Find the inverse of f(x) in 4 minutes!

[Lorena_Santoro]

https://youtu.be/eMbBK0IcSNI

[Guest]

You have [tex]f(x)= y= \frac{e^x- e^{-x}}{e^x+ e^{-x}}[/tex]. Then [tex]f^{-1}(y)= x= \frac{e^y- e^{-x}}{e^y+ e^{-y}}[/tex]. To write it as [tex]y= f^{-x}[/tex], solve for y. Let [tex]z= e^y[/tex] so [tex]x= \frac{z- \frac{1}{z}}{z+ \frac{1}{z}}[/tex].

Multiply numerator and denominator on the right by z: [tex]x= \frac{z^2- 1}{z^2+ 1}[/tex].

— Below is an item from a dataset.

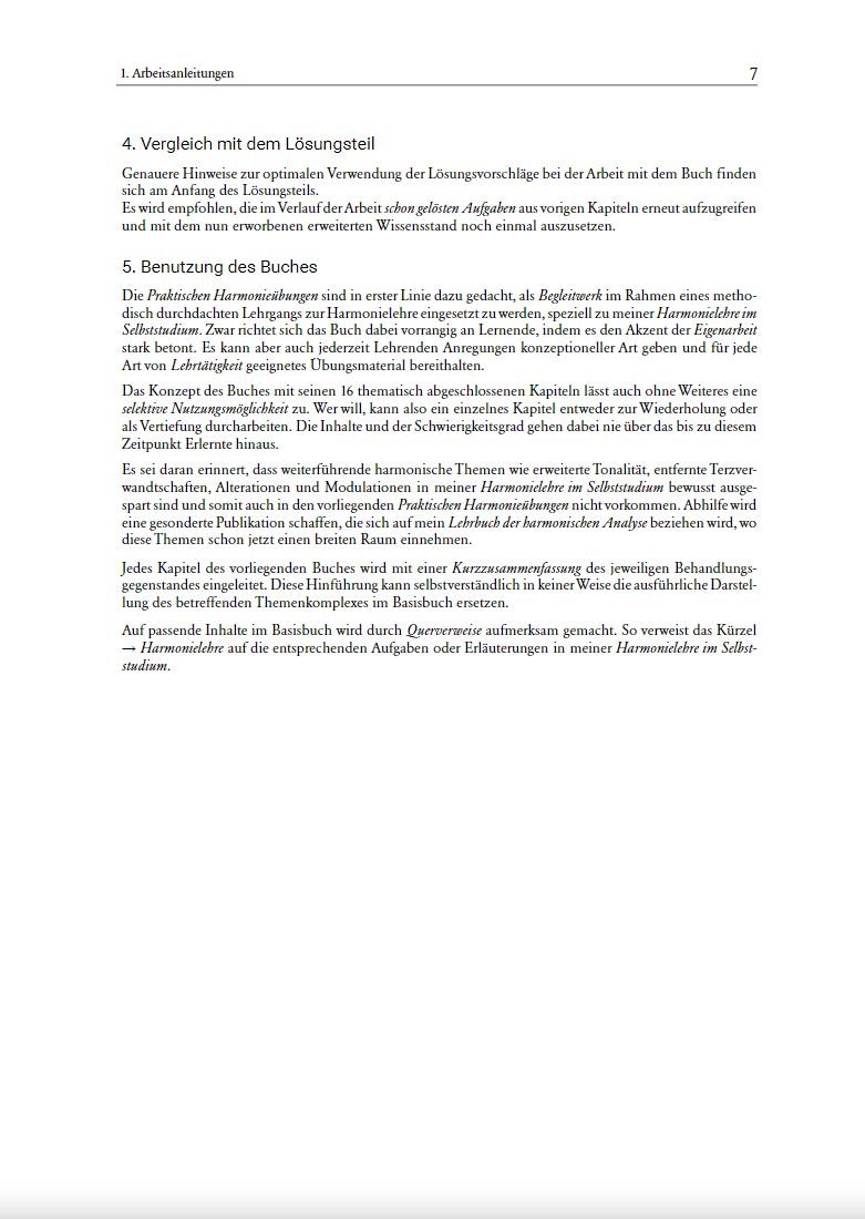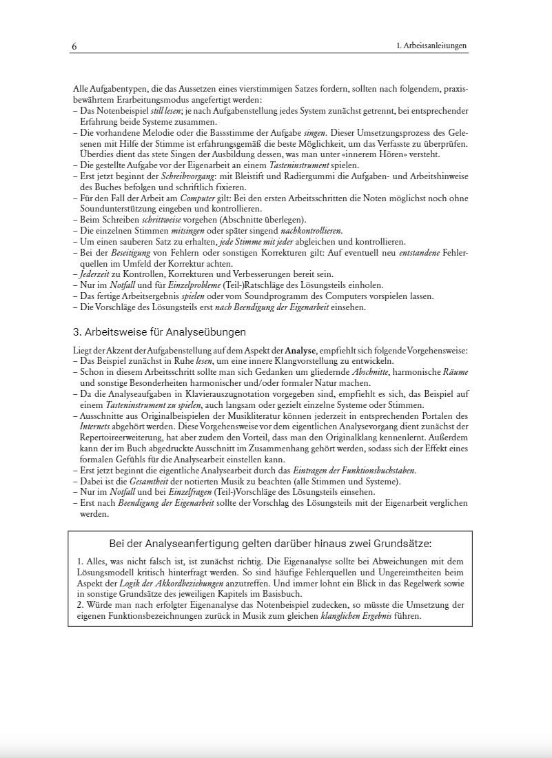 Einen besonderen Akzent setzt das Buch dadurch, dass es zusätzlich Lösungsvorschläge zu jenen Aufgaben des Basisbuchs Harmonielehre im Selbststudium enthält, deren Lösungen dort ausgespart sind. Damit gehen Autor und Verlag auf etliche Anregungen und Wünsche ein, die an sie herangetragen wurden.
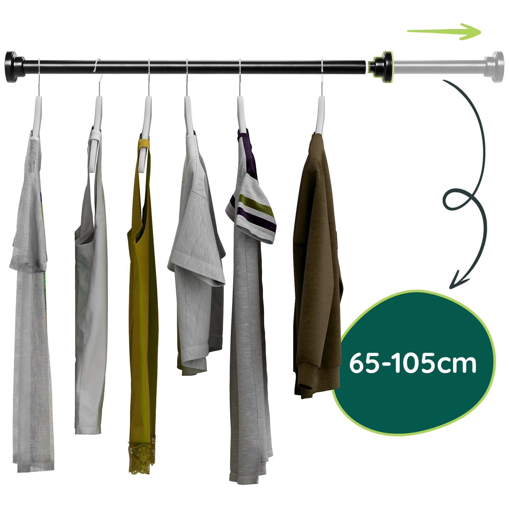 ✓ Makkelijk ophangen zonder boren ✓ Aanpasbaar in formaat: 65 tot 105 cm ✓ Sterke rvs stang in zwarte kleur ✓ Overzichtelijke kledingkast – sneller outfits vinden

Multiply both sides by [tex]z^2+ 1[/tex]: [tex]x(z^2+ 1)= xz^2+ x= z^2- 1[/tex]. Subtract [tex]z^2+ x[/tex] from both sides:
[tex](x- 1)z^2= -x- 1[/tex] so [tex](1- x)z^2= x+ 1[/tex].

Divide both sides by [tex]1- x[/tex]:
[tex]z^2= \frac{1}{1- x}[/tex].
(This requires x not equal to 1.)

Take the square root of both sides:
[tex]z= \frac{\pm 1}{\sqrt{1- x}}[/tex]
(This is a real number only for [tex]x< 1[/tex].)

Replace z with [tex]e^y[/tex]:
[tex]e^y= \frac{\pm 1}{\sqrt{1- x}}[/tex]
Finally, take the logarithm of both sides:
(This requires that we take the positive root)
[tex]f^{-1}(x)= y= ln\left(\frac{1}{\sqrt{1- x}}\right)[/tex].

(And f has an inverse only for x< 1.)

Now, what should I do with the other three minutes?